Start of Records shown

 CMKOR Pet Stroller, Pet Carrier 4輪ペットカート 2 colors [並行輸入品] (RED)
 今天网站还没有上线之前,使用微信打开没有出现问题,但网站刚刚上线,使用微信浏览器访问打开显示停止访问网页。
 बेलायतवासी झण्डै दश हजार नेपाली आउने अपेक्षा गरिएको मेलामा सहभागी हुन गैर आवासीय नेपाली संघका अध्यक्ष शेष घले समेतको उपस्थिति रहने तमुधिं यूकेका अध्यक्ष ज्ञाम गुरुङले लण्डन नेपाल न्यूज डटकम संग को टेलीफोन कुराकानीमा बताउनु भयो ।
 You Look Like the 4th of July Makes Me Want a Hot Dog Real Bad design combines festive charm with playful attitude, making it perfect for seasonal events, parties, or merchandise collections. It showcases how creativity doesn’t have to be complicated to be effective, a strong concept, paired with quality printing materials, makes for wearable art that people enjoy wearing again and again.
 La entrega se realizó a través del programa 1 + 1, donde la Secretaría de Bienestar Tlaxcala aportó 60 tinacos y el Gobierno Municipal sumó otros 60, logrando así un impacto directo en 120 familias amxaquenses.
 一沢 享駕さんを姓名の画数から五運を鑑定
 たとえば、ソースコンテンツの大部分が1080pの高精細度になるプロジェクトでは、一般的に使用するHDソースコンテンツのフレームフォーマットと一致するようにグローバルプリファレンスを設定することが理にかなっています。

End of Records shown
Start of Records shown

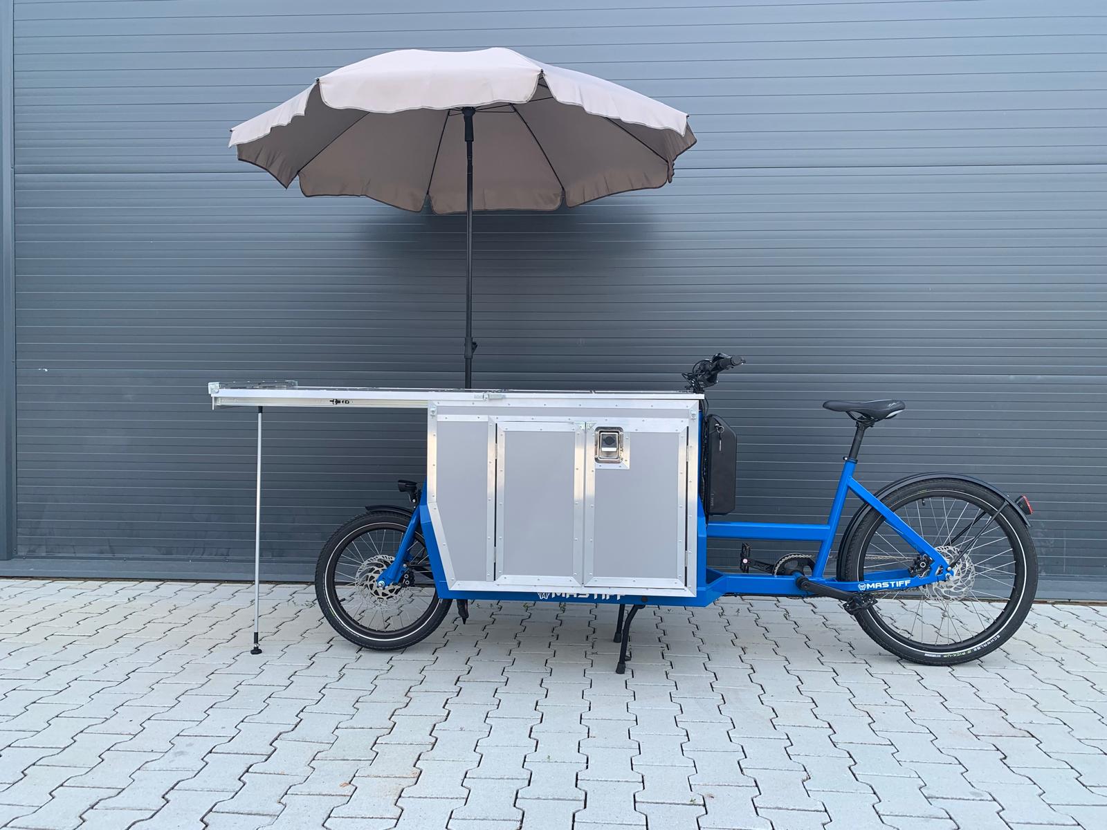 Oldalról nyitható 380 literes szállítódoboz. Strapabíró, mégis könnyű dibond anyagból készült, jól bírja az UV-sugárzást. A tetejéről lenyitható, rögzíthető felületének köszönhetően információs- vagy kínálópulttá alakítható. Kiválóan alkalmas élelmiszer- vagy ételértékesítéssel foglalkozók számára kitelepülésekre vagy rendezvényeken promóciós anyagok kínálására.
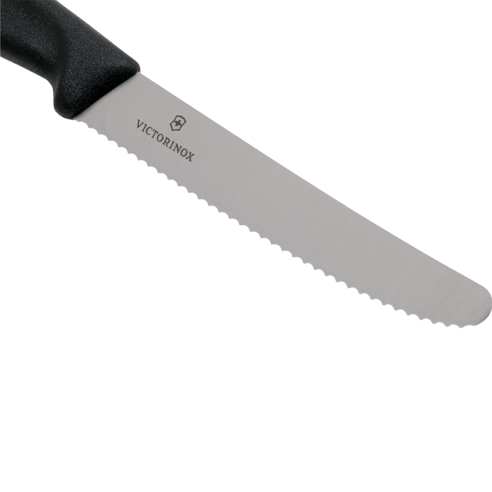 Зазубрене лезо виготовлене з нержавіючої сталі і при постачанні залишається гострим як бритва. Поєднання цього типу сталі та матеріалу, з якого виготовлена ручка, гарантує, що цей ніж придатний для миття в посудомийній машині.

End of Records shown
Start of Records shown

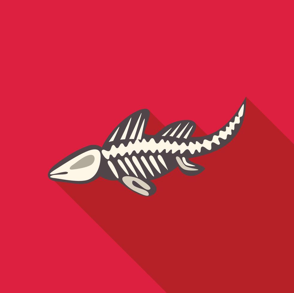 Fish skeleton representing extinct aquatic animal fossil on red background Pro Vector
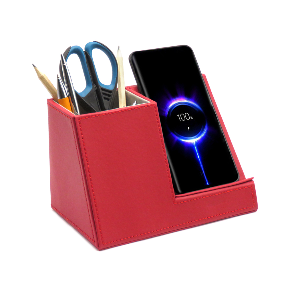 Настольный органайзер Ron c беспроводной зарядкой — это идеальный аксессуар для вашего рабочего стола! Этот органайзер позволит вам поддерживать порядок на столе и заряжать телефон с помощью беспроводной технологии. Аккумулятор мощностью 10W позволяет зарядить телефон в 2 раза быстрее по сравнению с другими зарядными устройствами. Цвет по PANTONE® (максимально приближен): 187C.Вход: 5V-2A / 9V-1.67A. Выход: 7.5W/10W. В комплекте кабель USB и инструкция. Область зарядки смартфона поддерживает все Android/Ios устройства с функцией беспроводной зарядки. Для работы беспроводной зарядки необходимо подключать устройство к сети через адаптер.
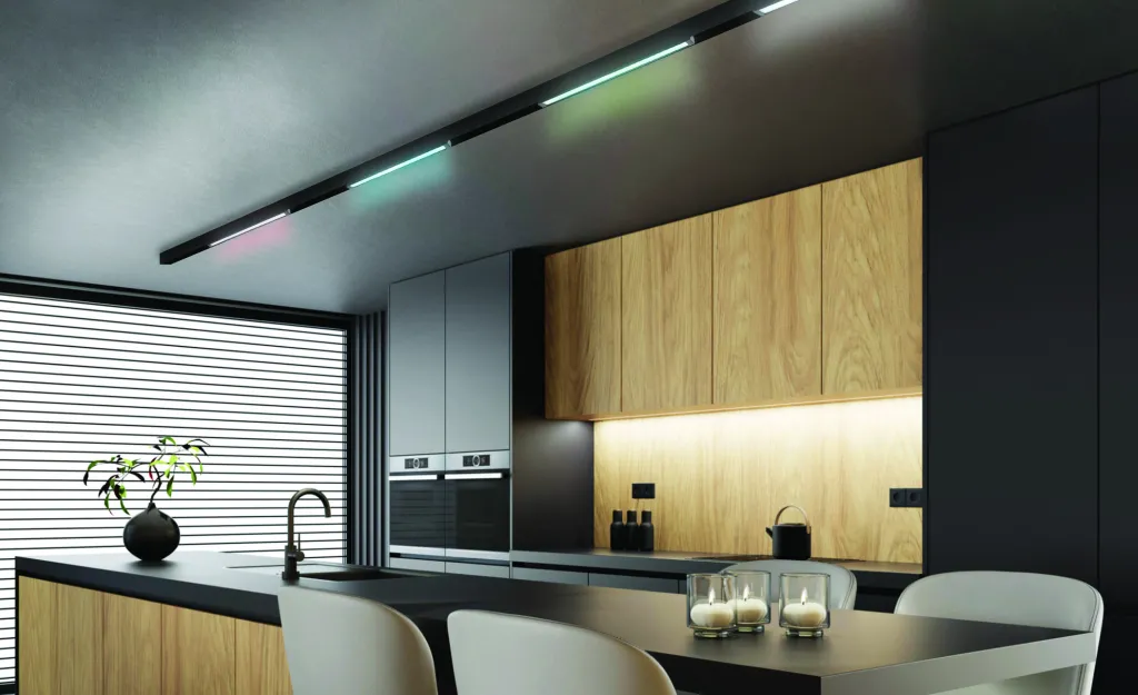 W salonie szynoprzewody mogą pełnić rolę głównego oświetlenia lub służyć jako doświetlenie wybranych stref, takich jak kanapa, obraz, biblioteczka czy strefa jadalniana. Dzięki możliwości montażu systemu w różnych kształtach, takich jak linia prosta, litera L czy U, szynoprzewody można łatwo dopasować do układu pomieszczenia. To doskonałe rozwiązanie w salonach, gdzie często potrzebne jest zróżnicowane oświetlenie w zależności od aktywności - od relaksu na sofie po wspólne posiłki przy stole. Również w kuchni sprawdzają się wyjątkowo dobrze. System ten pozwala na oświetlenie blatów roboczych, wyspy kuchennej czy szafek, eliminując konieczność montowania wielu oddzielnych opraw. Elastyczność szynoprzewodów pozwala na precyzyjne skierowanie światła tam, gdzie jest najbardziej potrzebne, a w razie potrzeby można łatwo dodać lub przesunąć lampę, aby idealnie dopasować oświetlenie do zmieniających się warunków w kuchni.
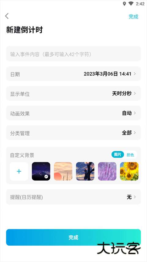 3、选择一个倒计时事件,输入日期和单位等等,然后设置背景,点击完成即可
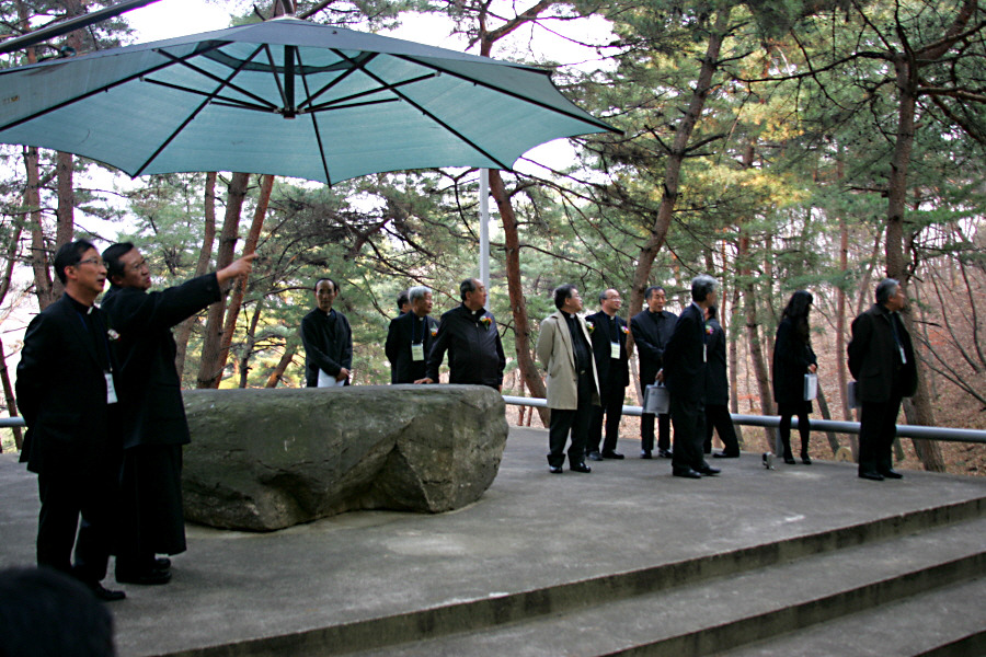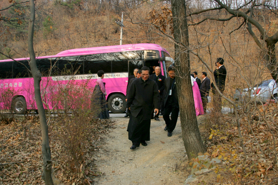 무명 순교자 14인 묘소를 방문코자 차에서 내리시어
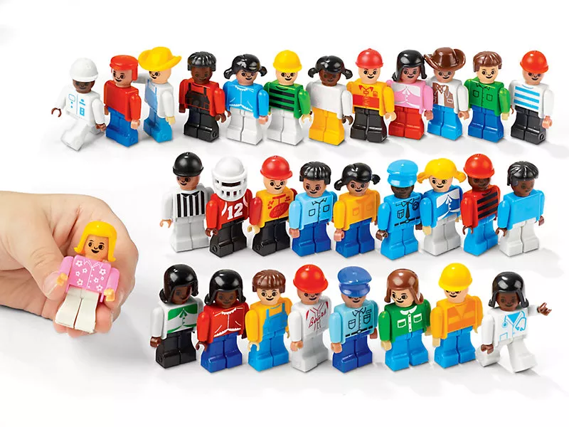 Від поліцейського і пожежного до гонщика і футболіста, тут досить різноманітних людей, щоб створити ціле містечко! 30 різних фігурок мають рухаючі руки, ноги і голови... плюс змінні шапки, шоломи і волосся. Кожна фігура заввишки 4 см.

End of Records shown

-- Task statement --
Print, exactly and with no pictures, the lines of the listing above starting at the one that has "Настольный органайзер Ron" and ending at the one that has "무명 순교자 14인 묘소를 방문코자 차에서 내리시어", both included.

-- Response area --
 Настольный органайзер Ron c беспроводной зарядкой — это идеальный аксессуар для вашего рабочего стола! Этот органайзер позволит вам поддерживать порядок на столе и заряжать телефон с помощью беспроводной технологии. Аккумулятор мощностью 10W позволяет зарядить телефон в 2 раза быстрее по сравнению с другими зарядными устройствами. Цвет по PANTONE® (максимально приближен): 187C.Вход: 5V-2A / 9V-1.67A. Выход: 7.5W/10W. В комплекте кабель USB и инструкция. Область зарядки смартфона поддерживает все Android/Ios устройства с функцией беспроводной зарядки. Для работы беспроводной зарядки необходимо подключать устройство к сети через адаптер.
 W salonie szynoprzewody mogą pełnić rolę głównego oświetlenia lub służyć jako doświetlenie wybranych stref, takich jak kanapa, obraz, biblioteczka czy strefa jadalniana. Dzięki możliwości montażu systemu w różnych kształtach, takich jak linia prosta, litera L czy U, szynoprzewody można łatwo dopasować do układu pomieszczenia. To doskonałe rozwiązanie w salonach, gdzie często potrzebne jest zróżnicowane oświetlenie w zależności od aktywności - od relaksu na sofie po wspólne posiłki przy stole. Również w kuchni sprawdzają się wyjątkowo dobrze. System ten pozwala na oświetlenie blatów roboczych, wyspy kuchennej czy szafek, eliminując konieczność montowania wielu oddzielnych opraw. Elastyczność szynoprzewodów pozwala na precyzyjne skierowanie światła tam, gdzie jest najbardziej potrzebne, a w razie potrzeby można łatwo dodać lub przesunąć lampę, aby idealnie dopasować oświetlenie do zmieniających się warunków w kuchni.
 3、选择一个倒计时事件,输入日期和单位等等,然后设置背景,点击完成即可
 무명 순교자 14인 묘소를 방문코자 차에서 내리시어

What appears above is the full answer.